Isabel Russó, head of the State Forestry Service in the capital city, said that trees are like children: they need to be looked after depending on their age.
There are 13 square kilometers of landscape area per inhabitant in downtown Havana and 33 square meters per inhabitant on the outskirts. The Food and Agriculture Organization of the United Nations (FAO) considers it acceptable to have 10 square meters per inhabitant, she added.
Forest areas have moved from 4.03 percent of overall surface in 2000 to 5.53 percent in 2008, she indicated.
"However, you walk down the streets of Diez de Octubre (a densely populated neighborhood) and you rarely see a tree", she commented.
"There are very nice parks in some residential districts, but radiance is really uncomfortable in most of them", said Yolanda Armas, a Bachelor of Literature.
"It is contradictory to see people loving garden plants and destroying big trees, except the Ceiba, which is untouched among those hat practice the African religion", she added.
As people in Europe spend most of the year without seeing anything green, they care for trees. We here pay no attention to them, stressed Mayda Anido, a textile-mill technician who was trained in the former Soviet Union.
"There is no space for trees in downtown Havana, while there are beautiful French-style promenades in El Vedado and Miramar districts", explained Pedro Torres, a professor at the National Tourism Training Center (FORMATUR).

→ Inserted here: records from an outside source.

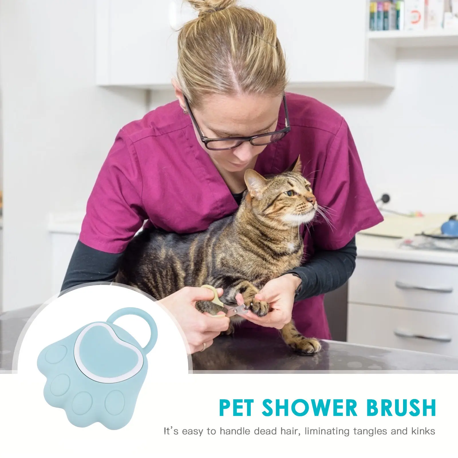 – Fine workmanship, paw-shaped design, lovely and elegant, portable, convenient and practical Pet Shower Brush
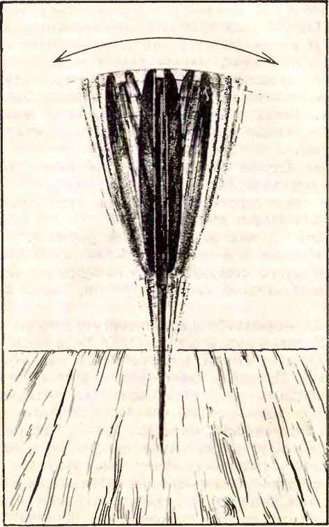 В тот же момент внутренность катушки размагничивается и теряет силу притягивать молоточек. Упругость отбросит его снова к винту. Но как. только прерыватель коснется винта, цепь замкнется. Снова пойдет ток, намагнитит мягкое железо, которое притянет молоточек, опять прекратив ток. Молоточек отлетит обратно, коснется винта и включит ток.
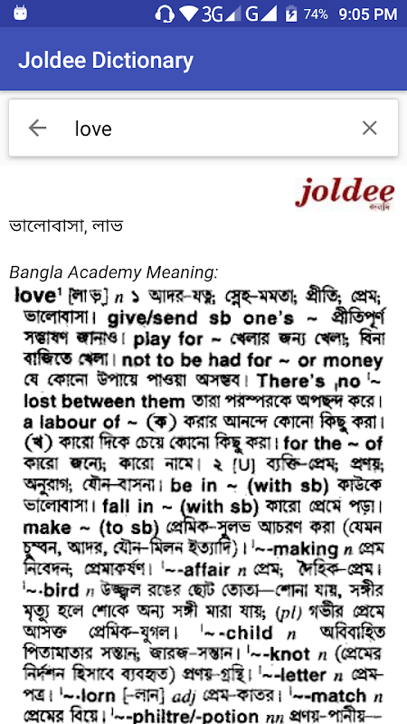 Joldee Dictionary contains a lot of features. It provides a lots of Bangla meanings of English words.
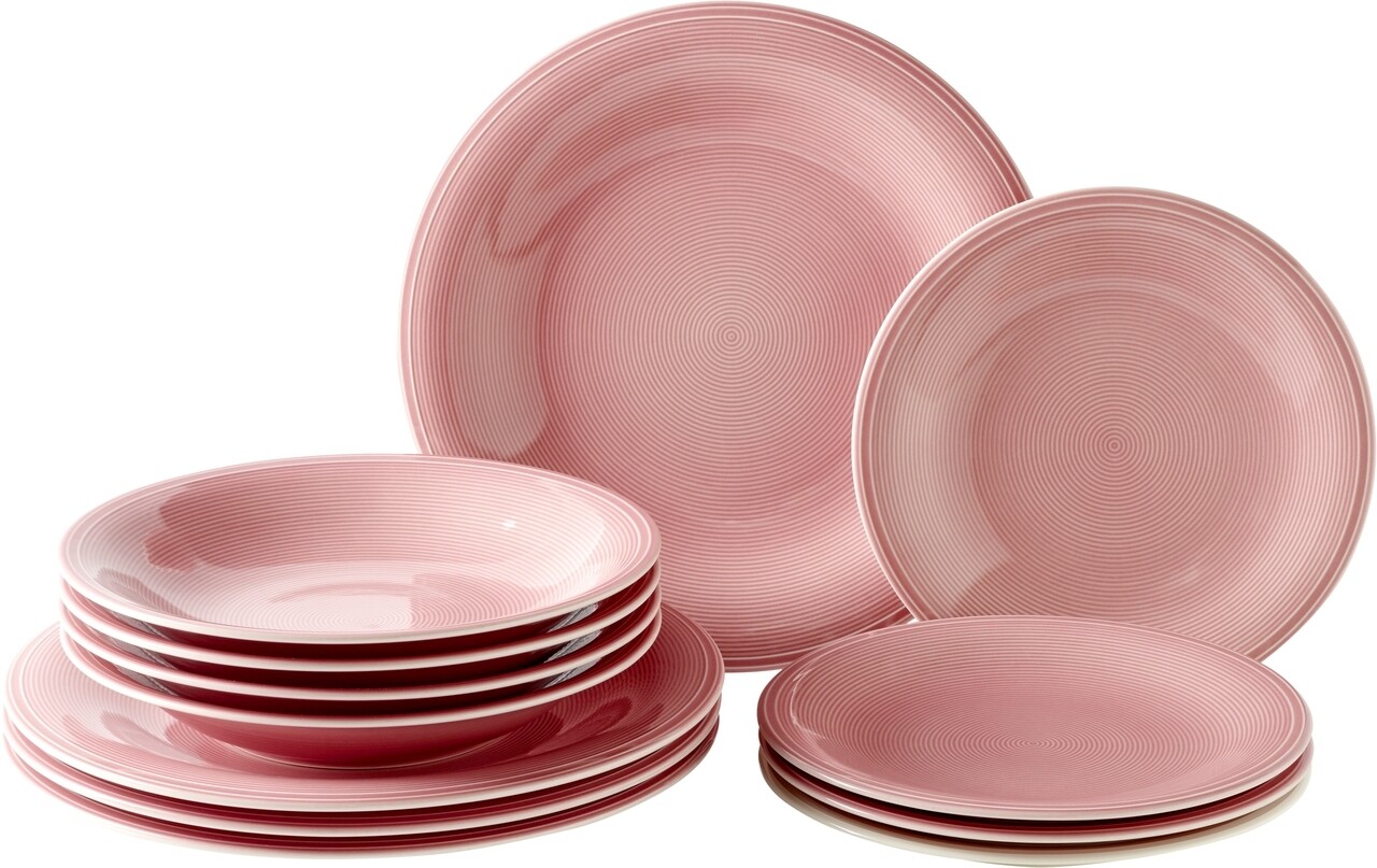 Set de masa 12 piese, Like Villeroy & Boch, Color Loop Rose, portelan premium, roz
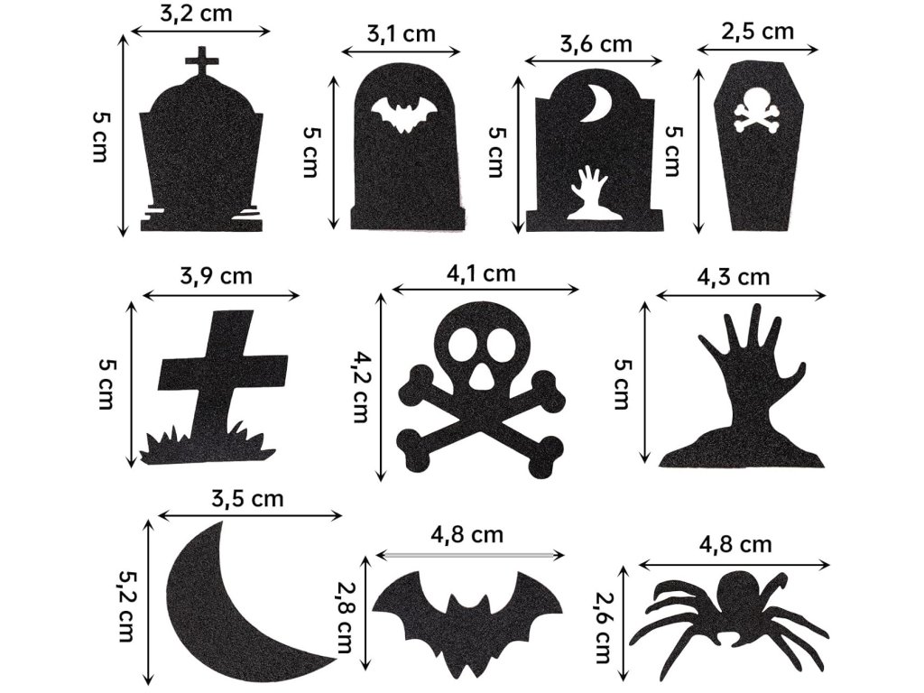 Obdržíte 100 ks konfet Halloween. Součástí je 10 motivů, jako jsou netopýři, pavouci, duchové, náhrobní kámen, lebka atd., které v kombinaci s klasickým černým designem vytvářejí strašidelnou atmosféru.
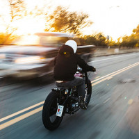 The image shows a person riding a motorcycle from behind. The motorcyclist is wearing

Russó emphasized that trees are like green diamonds. "We need to know what species to plant and where", she added. "We are organizing courses for decision-makers and other stakeholders", she announced.
"Most trees in Havana are very old. They are often hollow and demand special management", she remarked.
"The local reforestation plan covers main avenues, roads, parks, porches and areas that are not suitable for crops", she indicated.
"The plan involves neighbors, workplaces, mass organizations, units of the Ministry of Agriculture and community services," she added.
"It does not matter how big or small an area is. We should always try to plant trees because they produce oxygen and absorb dust, noise and even saltpeter", she explained.
"People usually destroy the trees that are useless according to their way of thinking. Nobody would ever try to cut down a mango or avocado tree", said Sonia Peña, a forestry technician.
Current reforestation efforts are being supported by a newly established Forestry Company, which is producing seeds and managing 2,000 forest hectares that had in the past been no-man's land. "Pruning is necessary, but it is not cutting for the sake of cutting", she added.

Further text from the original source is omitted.